(Exercise input begins)

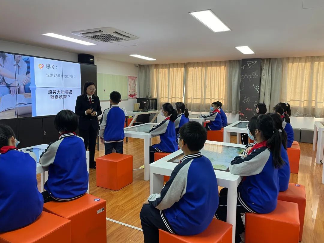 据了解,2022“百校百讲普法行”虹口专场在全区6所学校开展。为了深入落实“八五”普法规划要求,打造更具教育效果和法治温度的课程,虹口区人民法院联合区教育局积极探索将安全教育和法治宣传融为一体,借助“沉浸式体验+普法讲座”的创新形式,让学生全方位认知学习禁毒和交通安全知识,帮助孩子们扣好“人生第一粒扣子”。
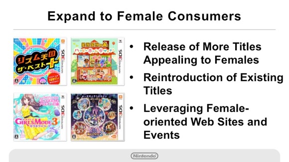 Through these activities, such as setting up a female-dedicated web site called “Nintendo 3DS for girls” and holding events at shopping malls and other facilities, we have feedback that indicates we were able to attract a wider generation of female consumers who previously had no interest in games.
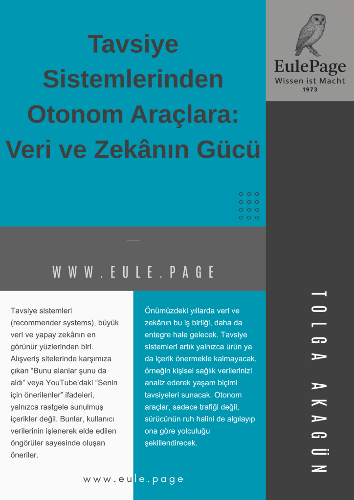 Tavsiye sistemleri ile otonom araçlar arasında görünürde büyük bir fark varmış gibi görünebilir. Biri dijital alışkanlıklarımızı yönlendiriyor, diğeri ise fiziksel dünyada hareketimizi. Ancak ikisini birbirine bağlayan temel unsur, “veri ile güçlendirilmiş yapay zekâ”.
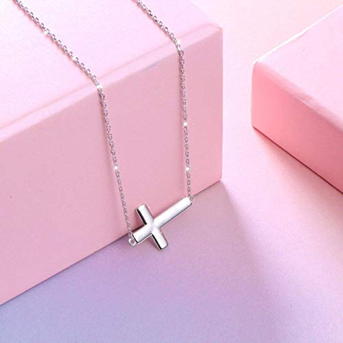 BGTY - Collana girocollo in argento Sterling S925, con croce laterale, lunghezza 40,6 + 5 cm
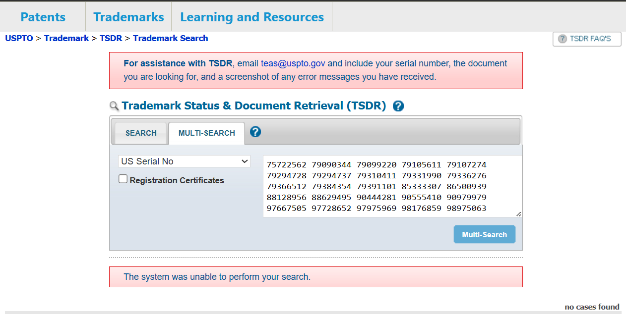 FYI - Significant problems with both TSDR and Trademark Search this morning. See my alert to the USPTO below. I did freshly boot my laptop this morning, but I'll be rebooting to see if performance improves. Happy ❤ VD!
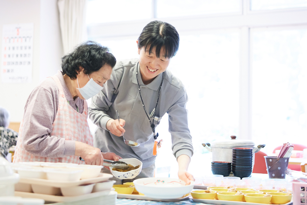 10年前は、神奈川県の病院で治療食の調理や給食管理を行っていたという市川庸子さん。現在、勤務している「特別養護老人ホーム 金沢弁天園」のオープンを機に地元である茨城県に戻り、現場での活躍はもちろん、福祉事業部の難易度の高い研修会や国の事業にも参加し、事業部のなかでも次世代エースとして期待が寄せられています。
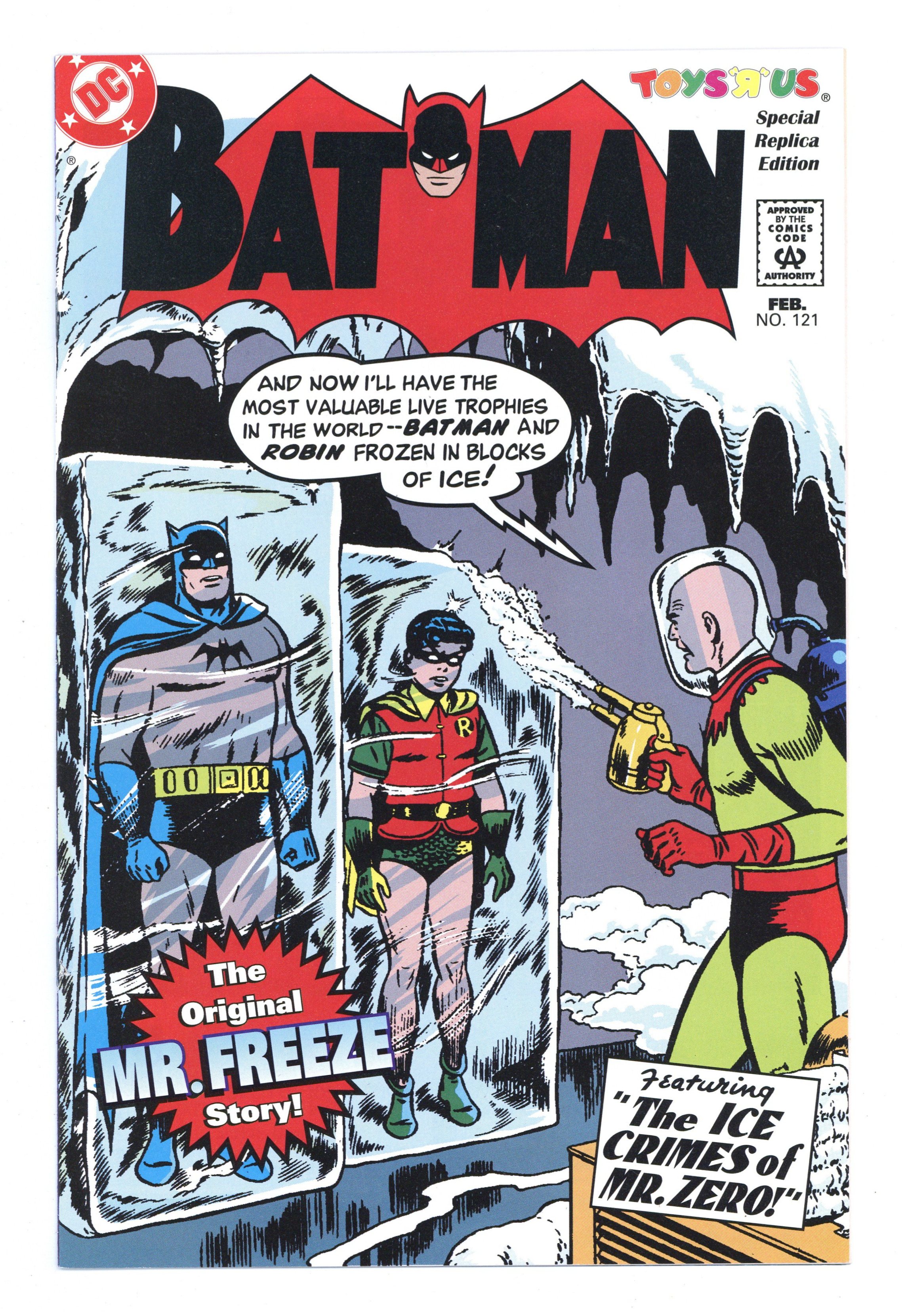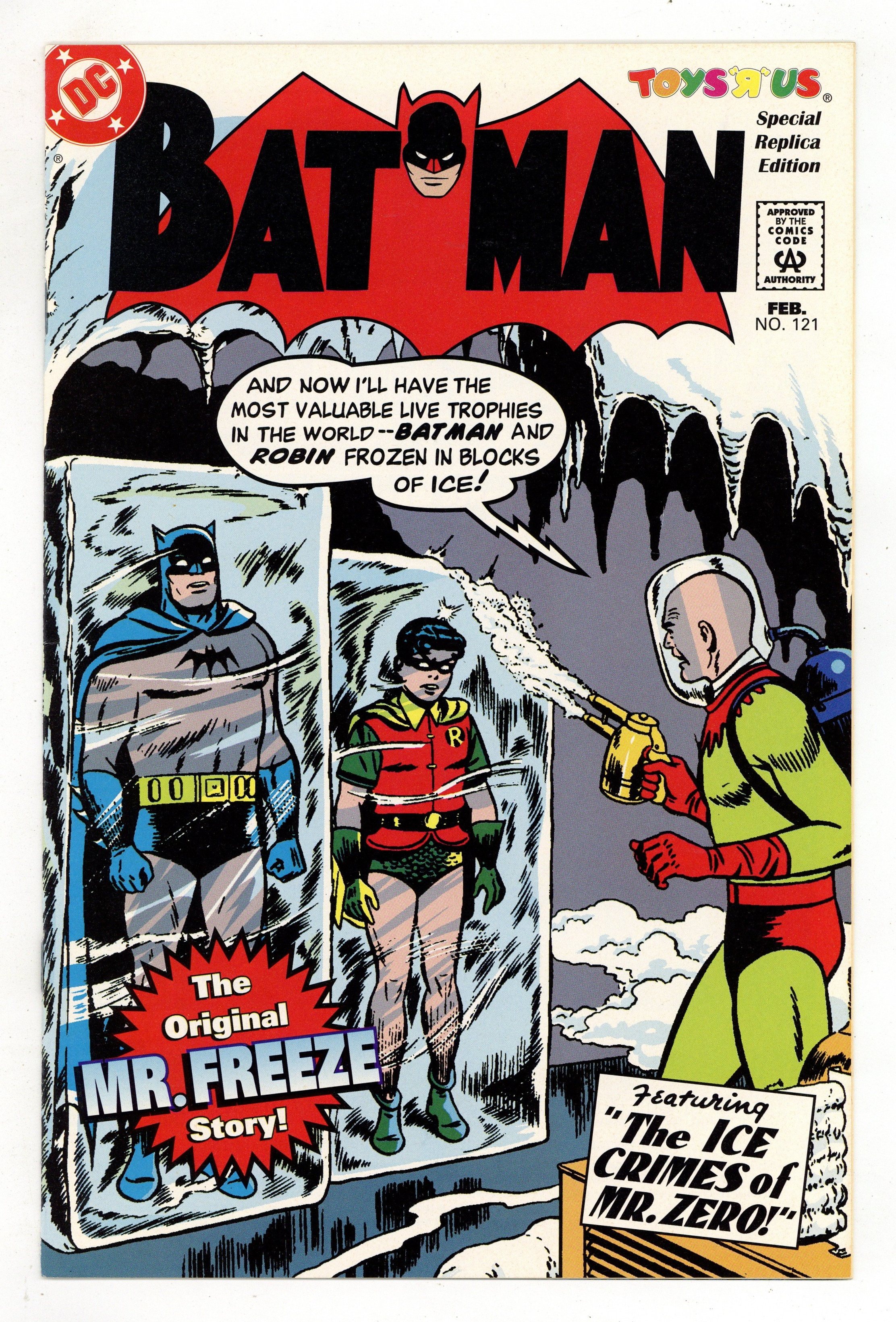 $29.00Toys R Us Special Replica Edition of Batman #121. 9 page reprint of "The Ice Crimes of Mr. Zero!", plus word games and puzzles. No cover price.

(Exercise input ends)

• Problem to work on
Exclude the images and reproduce the remaining data exactly.

• Exercise output
 据了解,2022“百校百讲普法行”虹口专场在全区6所学校开展。为了深入落实“八五”普法规划要求,打造更具教育效果和法治温度的课程,虹口区人民法院联合区教育局积极探索将安全教育和法治宣传融为一体,借助“沉浸式体验+普法讲座”的创新形式,让学生全方位认知学习禁毒和交通安全知识,帮助孩子们扣好“人生第一粒扣子”。
 Through these activities, such as setting up a female-dedicated web site called “Nintendo 3DS for girls” and holding events at shopping malls and other facilities, we have feedback that indicates we were able to attract a wider generation of female consumers who previously had no interest in games.
 Tavsiye sistemleri ile otonom araçlar arasında görünürde büyük bir fark varmış gibi görünebilir. Biri dijital alışkanlıklarımızı yönlendiriyor, diğeri ise fiziksel dünyada hareketimizi. Ancak ikisini birbirine bağlayan temel unsur, “veri ile güçlendirilmiş yapay zekâ”.
 BGTY - Collana girocollo in argento Sterling S925, con croce laterale, lunghezza 40,6 + 5 cm
 FYI - Significant problems with both TSDR and Trademark Search this morning. See my alert to the USPTO below. I did freshly boot my laptop this morning, but I'll be rebooting to see if performance improves. Happy ❤ VD!
 10年前は、神奈川県の病院で治療食の調理や給食管理を行っていたという市川庸子さん。現在、勤務している「特別養護老人ホーム 金沢弁天園」のオープンを機に地元である茨城県に戻り、現場での活躍はもちろん、福祉事業部の難易度の高い研修会や国の事業にも参加し、事業部のなかでも次世代エースとして期待が寄せられています。
 $29.00Toys R Us Special Replica Edition of Batman #121. 9 page reprint of "The Ice Crimes of Mr. Zero!", plus word games and puzzles. No cover price.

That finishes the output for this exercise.